Solid analysis, especially regarding mankind’s religious impulse directed in sometimes perverse ways.
As a Catholic, I can tell you O’Connor and Tolkien are practically canonized.
Flannery ❤
Entering his Tim the toolman Taylor era
Not gonna watch this as I have already read the book. Just dropped in to say IMHO the movie is even better than the book, which is really something coming from this O'Connor fan.
That book is a head trip. Just weird, but pretty cool.
Great Review! ps: I ordered your mug, they sent me the wrong one...
Damn😔 sadly I just finished reading it (based on your words in the 2023 favs) and I hated every second of it😭 it was a true struggle..I don't know if it was the translation but.. quite sad
I'm a third of the way through this book and I just want to throw in the towel. I just don't care about the characters or what happens to them.
Springsteen loved FOC.
You can discern her influence on his song "Nebraska".
where the stache go man?
I don't think I heard you mention names. Names mean a Lot:
_Hazel Motes_. Haze is to see unclearly. Mote - as in the biblical reference Matthew 7:3-5 King James Version 3 "And why beholdest thou the mote that is in thy brother's eye, but considerest not the beam that is in thine own eye? " Q: How do you remove the mote from your eye? A: read the ending.

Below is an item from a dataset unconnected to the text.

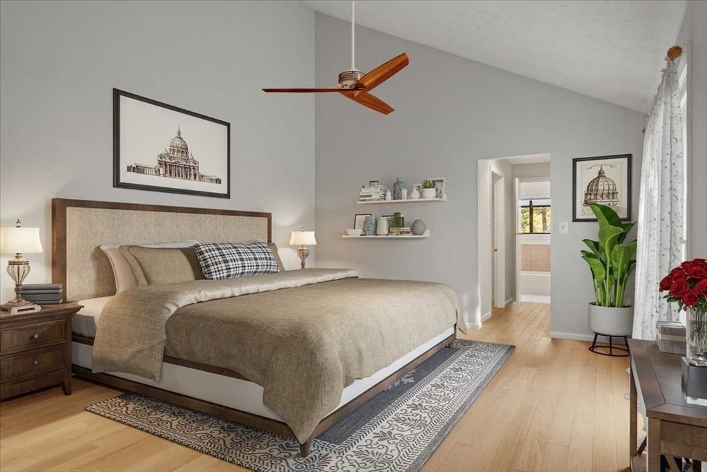 Welcome to Spyglass Hill - A wonderful community with all your needs steps or moments away! Fantastic sun filled freshly painted townhouse offering spacious rooms throughout including a fireplaced living room, grand dining room perfect for entertaining large gatherings & a fully applianced eat-in-kitchen all of which have access to the private deck to extend your entertaining outdoors. Skylit stairs lead you upstairs to your grand primary bedroom suite w/Romeo & Juliette style balcony, cathedral ceilings, large walk in closet & additional double closet plus a spacious ensuite bathroom w/tub & separate shower. Also upstairs is a second spacious bedroom w/cathedral ceilings, lots of natural light, great closet space & private ensuite bathroom. Need a home office or additional space for guest - it has that too in the finished lower level w/daylight window & access to the 2 car tandem garage & laundry area. Fantastic commuter location! Come see for yourself & make it yours!

_Blind Asa Hawkes_... well, redistribute the spacing to be 'blind as a hawk'... note the tongue-in-cheek comedy
_Sabbath Lily Hawkes_ - Sabbath - as in take a day of rest from religion. Lily is a flower, symbolic meaning of fertility, purity (as in the 15 yr old virgin), Hawkes - sharp-eyed, watchful, and perhaps vicious .
_Onnie Jay Holy_ - "Onnie Jay" is pig-Latin for Johnnie. is he holy? nah, but is he a "john" taking satisfaction in the prostitution (selling) of religion? sure thing.
_Hoover Shoats_ - Hoover as in vacuum - it sucks. Shoats are small pigs. suckling pig. He is the 'false prophet' of the scammer OJ Holy, and siphons/sucks off some of the earnings.
_Enoch Emery_ - guessing here, but Enoch is an apocryphal text of the bible which tells the story of why some angels fell from heaven (mirroring the story of Haze), an explanation of why the Genesis flood (or in this case, blinding) was morally necessary. Enoch is apocryphal or false (as in what Enoch does is false to Haze's Church Without Christ because he tries to introduce the mummified Christ substitute). Emery is a fine-grained impure corundum used for grinding and polishing; he (who is impure) that polishes Haze into who he becomes?
shot! sry...
I'll take first.
If you don’t review Don Quixote I’m unsubscribing.
I'm going to sound incredibly ignorant but I always thought Flannery O'Connor was a man.